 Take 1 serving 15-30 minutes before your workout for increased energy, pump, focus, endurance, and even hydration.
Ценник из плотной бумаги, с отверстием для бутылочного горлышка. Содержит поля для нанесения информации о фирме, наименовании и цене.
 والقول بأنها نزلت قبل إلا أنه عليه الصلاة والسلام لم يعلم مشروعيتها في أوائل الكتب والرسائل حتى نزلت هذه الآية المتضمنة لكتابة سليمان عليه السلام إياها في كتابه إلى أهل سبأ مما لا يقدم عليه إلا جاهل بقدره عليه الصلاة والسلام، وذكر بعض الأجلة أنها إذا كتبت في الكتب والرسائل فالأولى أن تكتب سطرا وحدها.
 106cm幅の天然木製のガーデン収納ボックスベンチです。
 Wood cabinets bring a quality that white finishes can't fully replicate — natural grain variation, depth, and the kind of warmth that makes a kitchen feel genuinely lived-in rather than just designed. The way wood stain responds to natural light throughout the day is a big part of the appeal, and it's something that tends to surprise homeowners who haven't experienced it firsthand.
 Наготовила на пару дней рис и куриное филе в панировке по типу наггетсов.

--

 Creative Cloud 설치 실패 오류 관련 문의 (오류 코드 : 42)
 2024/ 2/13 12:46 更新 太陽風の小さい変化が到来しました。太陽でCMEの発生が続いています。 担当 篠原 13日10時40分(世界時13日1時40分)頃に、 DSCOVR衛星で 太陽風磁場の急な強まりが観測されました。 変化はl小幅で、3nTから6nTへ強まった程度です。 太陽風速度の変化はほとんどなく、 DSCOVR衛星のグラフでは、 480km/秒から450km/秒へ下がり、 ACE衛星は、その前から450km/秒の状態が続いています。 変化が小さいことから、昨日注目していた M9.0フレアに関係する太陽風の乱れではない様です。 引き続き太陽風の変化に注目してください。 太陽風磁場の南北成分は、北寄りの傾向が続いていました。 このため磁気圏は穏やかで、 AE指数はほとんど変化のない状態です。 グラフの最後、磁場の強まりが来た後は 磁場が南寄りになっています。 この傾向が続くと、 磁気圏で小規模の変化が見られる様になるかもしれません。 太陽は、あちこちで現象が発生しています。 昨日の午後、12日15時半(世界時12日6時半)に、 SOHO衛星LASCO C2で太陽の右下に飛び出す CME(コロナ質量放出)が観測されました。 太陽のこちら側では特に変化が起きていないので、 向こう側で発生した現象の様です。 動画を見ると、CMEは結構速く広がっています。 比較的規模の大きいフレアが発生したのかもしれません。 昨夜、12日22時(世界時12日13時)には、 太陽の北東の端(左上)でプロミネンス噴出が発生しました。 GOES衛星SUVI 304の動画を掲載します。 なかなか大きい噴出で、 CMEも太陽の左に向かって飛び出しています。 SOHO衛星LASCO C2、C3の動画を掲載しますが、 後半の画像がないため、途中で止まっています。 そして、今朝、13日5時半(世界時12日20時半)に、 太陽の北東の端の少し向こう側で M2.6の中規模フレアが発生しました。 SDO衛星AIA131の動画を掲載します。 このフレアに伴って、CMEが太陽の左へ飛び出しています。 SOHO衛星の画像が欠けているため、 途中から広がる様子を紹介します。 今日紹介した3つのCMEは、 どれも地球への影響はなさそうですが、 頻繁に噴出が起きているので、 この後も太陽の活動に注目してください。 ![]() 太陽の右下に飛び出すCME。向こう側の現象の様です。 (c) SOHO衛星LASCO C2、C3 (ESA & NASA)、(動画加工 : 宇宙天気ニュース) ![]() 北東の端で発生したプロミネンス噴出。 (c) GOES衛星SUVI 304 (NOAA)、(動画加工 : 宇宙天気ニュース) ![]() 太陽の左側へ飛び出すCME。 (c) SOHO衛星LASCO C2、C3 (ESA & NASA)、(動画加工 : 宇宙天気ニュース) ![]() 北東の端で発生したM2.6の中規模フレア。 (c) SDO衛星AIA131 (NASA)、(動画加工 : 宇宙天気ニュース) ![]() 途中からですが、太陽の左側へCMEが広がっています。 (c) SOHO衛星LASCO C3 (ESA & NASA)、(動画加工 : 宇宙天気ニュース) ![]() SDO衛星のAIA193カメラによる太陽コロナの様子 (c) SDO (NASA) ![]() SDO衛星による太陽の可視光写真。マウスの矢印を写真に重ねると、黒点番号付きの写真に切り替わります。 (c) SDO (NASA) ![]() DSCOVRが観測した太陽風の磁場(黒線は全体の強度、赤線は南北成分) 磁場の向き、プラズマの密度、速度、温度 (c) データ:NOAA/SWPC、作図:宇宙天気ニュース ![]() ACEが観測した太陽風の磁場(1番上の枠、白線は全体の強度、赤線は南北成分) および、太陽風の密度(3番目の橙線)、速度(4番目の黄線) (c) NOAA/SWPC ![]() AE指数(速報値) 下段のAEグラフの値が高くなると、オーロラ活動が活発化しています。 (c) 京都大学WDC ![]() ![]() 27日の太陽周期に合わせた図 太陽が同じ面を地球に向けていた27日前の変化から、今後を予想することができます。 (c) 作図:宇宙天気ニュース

▶ PROBLEM: From the material above, retype precisely the lines between the line holding "والقول بأنها نزلت" and the line holding "Наготовила на пару", inclusive, and nothing beyond them.

▶ RESULT FOR THIS EXERCISE:
 والقول بأنها نزلت قبل إلا أنه عليه الصلاة والسلام لم يعلم مشروعيتها في أوائل الكتب والرسائل حتى نزلت هذه الآية المتضمنة لكتابة سليمان عليه السلام إياها في كتابه إلى أهل سبأ مما لا يقدم عليه إلا جاهل بقدره عليه الصلاة والسلام، وذكر بعض الأجلة أنها إذا كتبت في الكتب والرسائل فالأولى أن تكتب سطرا وحدها.
 106cm幅の天然木製のガーデン収納ボックスベンチです。
 Wood cabinets bring a quality that white finishes can't fully replicate — natural grain variation, depth, and the kind of warmth that makes a kitchen feel genuinely lived-in rather than just designed. The way wood stain responds to natural light throughout the day is a big part of the appeal, and it's something that tends to surprise homeowners who haven't experienced it firsthand.
 Наготовила на пару дней рис и куриное филе в панировке по типу наггетсов.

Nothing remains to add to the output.